Webster's conclusion: Foucault is evil, so read Scripture instead. Modern culture tends towards an unholy voluntarism in its conception of humanity.

Some thoughts:
This is a really good (and quite short) book. It is also pretty deep, and sometimes you don't immediately understand what Webster is getting at. So it takes longer to read than you think, and contains plenty of benefits for multiple readings.

One particular advantage: Webster is concrete. He not only talks about theological method, but then he actually applies it to a specific topic: holiness. One of the best lines of the WCF is about repenting from "particular sins particularly" rather than a "general repentance." The same sentiment is throughout Webster: particularity trumps abstraction.

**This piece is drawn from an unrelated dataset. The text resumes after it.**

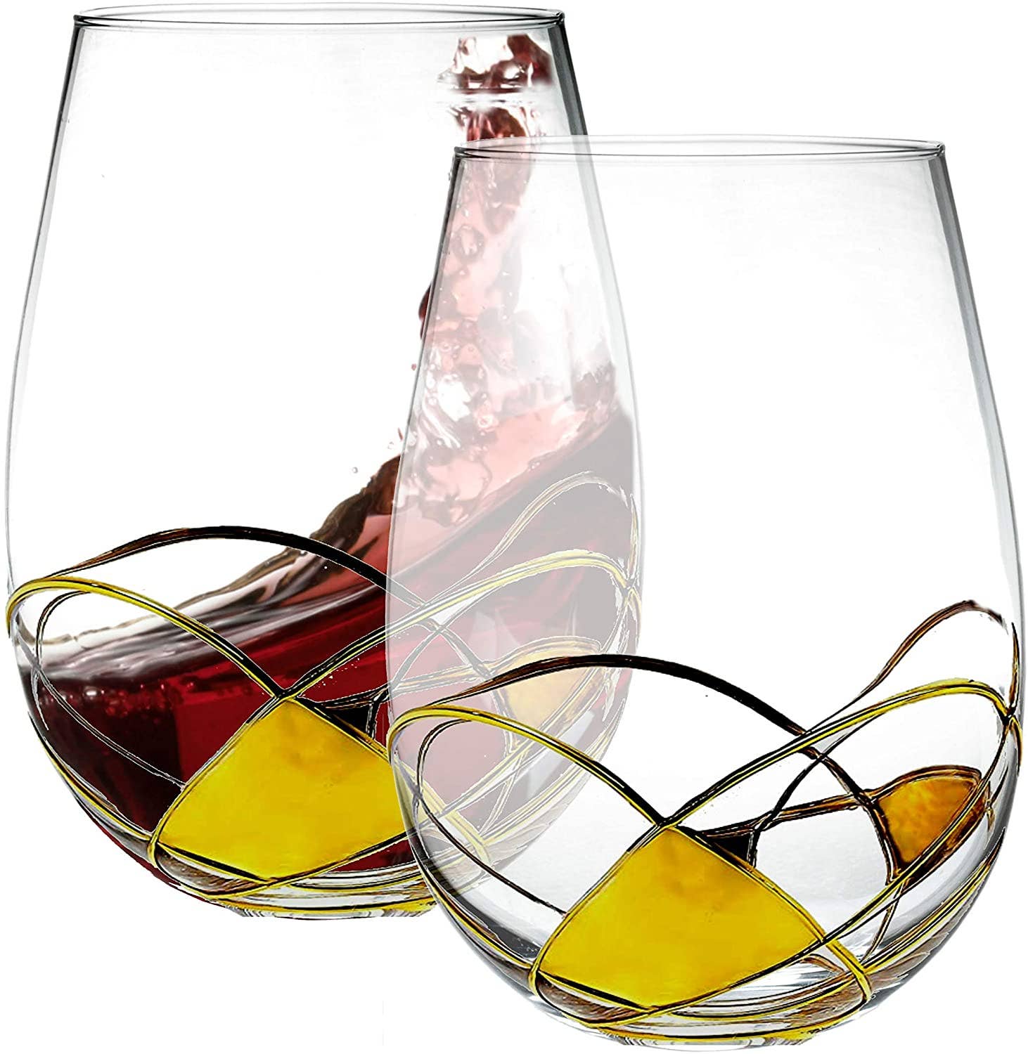 Bezrat Lot de 2 verres à vin rouge peint à la main

An ambiguity: "identity." Webster makes several statements which are concerning such as "God enacts his identity," but does so alongside the most unapologetic affirmations of traditional doctrines of aseity, simplicity, and divine perfection. To avoid misunderstanding him, we need to understand what he means by "identity." There are two senses to the word: an internal sense, and a functional sense. The internal sense of identity is who someone is. God's identity in the internal sense is his immutable perfection. The functional sense is a description which helps others to "identify" that person. He is "this one," or "the one who ..." instead of "that one." So it is a matter of pointing rather than a matter of substance. Webster often uses "God's identity" in this latter sense, because of his close attention to the fact that God is revealed in his works. Who is God? He is the one who saved us from our sins. That doesn't mean that "the one who saved us from our sins" is part of God's "substance" - rather, it is the action he has done, by which we know him and can identify him. Understanding Webster's usage of the word "identity" is key to understanding most of what I would call the problematic/concerning statements in the book. So understood, they cease to be problematic and concerning, and are merely somewhat unhelpful ways of phrasing the issue, but still definitively maintaining orthodox doctrine.

Overall: I highly recommend this one as well. It is short, and a constant pointer to Scripture. It directs us away from ourselves (and from idolatry) and to God. The conclusion with the brief discourse on modern culture is also fantastic.